===== LISTED RECORDS

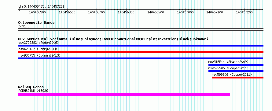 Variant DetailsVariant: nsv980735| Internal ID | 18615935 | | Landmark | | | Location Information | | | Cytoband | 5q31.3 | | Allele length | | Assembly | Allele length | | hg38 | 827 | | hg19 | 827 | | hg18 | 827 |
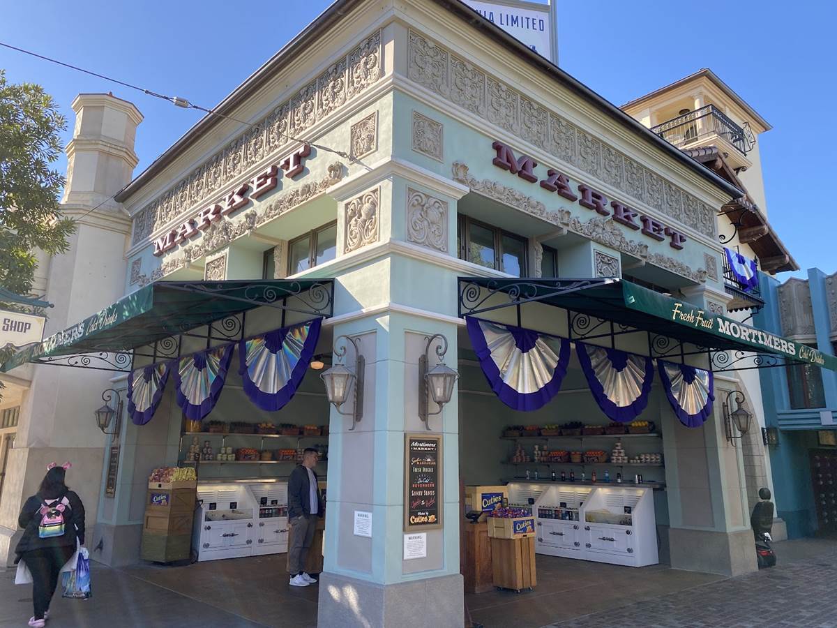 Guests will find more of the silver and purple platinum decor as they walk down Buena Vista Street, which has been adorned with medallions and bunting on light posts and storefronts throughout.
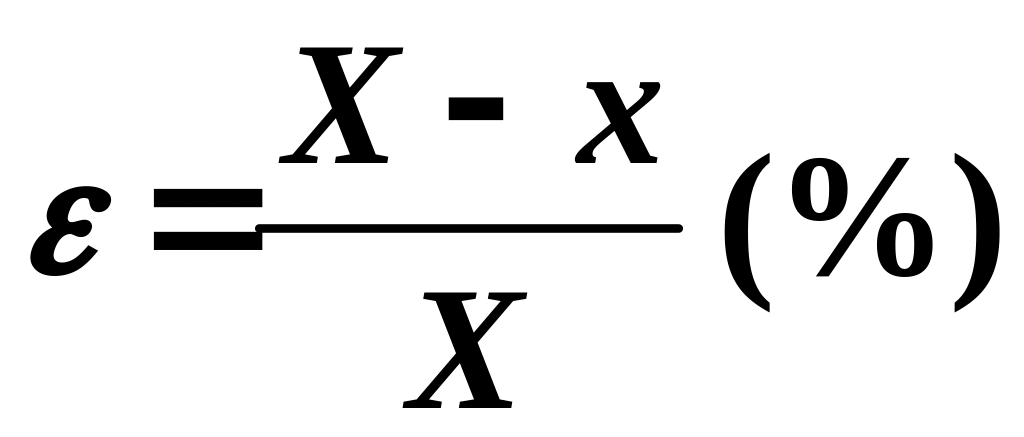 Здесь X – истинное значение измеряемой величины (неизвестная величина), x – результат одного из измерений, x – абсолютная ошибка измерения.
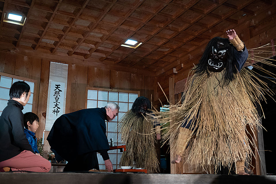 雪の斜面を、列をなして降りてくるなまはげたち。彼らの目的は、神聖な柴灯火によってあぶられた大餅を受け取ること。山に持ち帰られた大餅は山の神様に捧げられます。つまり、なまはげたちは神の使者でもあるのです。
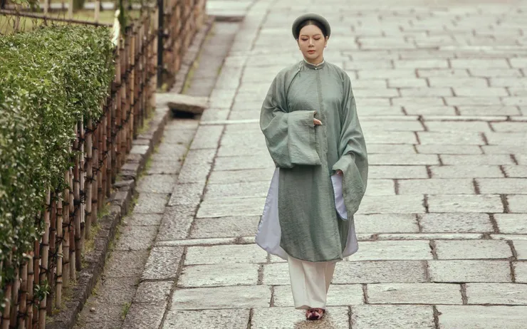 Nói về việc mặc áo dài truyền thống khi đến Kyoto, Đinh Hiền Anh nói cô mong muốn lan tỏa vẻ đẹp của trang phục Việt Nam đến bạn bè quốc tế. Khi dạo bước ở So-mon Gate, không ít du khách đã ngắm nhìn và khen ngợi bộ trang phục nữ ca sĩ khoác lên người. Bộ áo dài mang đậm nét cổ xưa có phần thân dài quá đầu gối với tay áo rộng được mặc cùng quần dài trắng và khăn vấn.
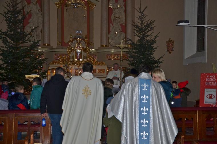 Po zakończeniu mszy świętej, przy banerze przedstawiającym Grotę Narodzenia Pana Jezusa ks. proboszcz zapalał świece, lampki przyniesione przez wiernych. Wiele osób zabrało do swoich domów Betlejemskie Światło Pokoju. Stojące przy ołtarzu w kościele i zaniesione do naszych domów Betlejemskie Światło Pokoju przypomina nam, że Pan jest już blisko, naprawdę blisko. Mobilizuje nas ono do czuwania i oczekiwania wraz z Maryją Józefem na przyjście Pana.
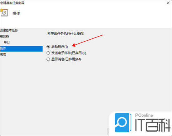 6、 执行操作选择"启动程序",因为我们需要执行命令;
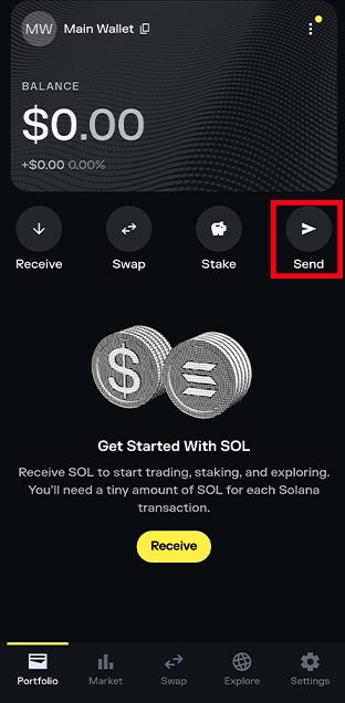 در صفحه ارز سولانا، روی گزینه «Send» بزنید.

==========

| WORK ITEM |
What you return must match the records exactly, apart from the images, which are omitted.

| SOLUTION TO THIS PROBLEM |
 Variant DetailsVariant: nsv980735| Internal ID | 18615935 | | Landmark | | | Location Information | | | Cytoband | 5q31.3 | | Allele length | | Assembly | Allele length | | hg38 | 827 | | hg19 | 827 | | hg18 | 827 |
 Guests will find more of the silver and purple platinum decor as they walk down Buena Vista Street, which has been adorned with medallions and bunting on light posts and storefronts throughout.
 Здесь X – истинное значение измеряемой величины (неизвестная величина), x – результат одного из измерений, x – абсолютная ошибка измерения.
 雪の斜面を、列をなして降りてくるなまはげたち。彼らの目的は、神聖な柴灯火によってあぶられた大餅を受け取ること。山に持ち帰られた大餅は山の神様に捧げられます。つまり、なまはげたちは神の使者でもあるのです。
 Nói về việc mặc áo dài truyền thống khi đến Kyoto, Đinh Hiền Anh nói cô mong muốn lan tỏa vẻ đẹp của trang phục Việt Nam đến bạn bè quốc tế. Khi dạo bước ở So-mon Gate, không ít du khách đã ngắm nhìn và khen ngợi bộ trang phục nữ ca sĩ khoác lên người. Bộ áo dài mang đậm nét cổ xưa có phần thân dài quá đầu gối với tay áo rộng được mặc cùng quần dài trắng và khăn vấn.
 Po zakończeniu mszy świętej, przy banerze przedstawiającym Grotę Narodzenia Pana Jezusa ks. proboszcz zapalał świece, lampki przyniesione przez wiernych. Wiele osób zabrało do swoich domów Betlejemskie Światło Pokoju. Stojące przy ołtarzu w kościele i zaniesione do naszych domów Betlejemskie Światło Pokoju przypomina nam, że Pan jest już blisko, naprawdę blisko. Mobilizuje nas ono do czuwania i oczekiwania wraz z Maryją Józefem na przyjście Pana.
 6、 执行操作选择"启动程序",因为我们需要执行命令;
 در صفحه ارز سولانا، روی گزینه «Send» بزنید.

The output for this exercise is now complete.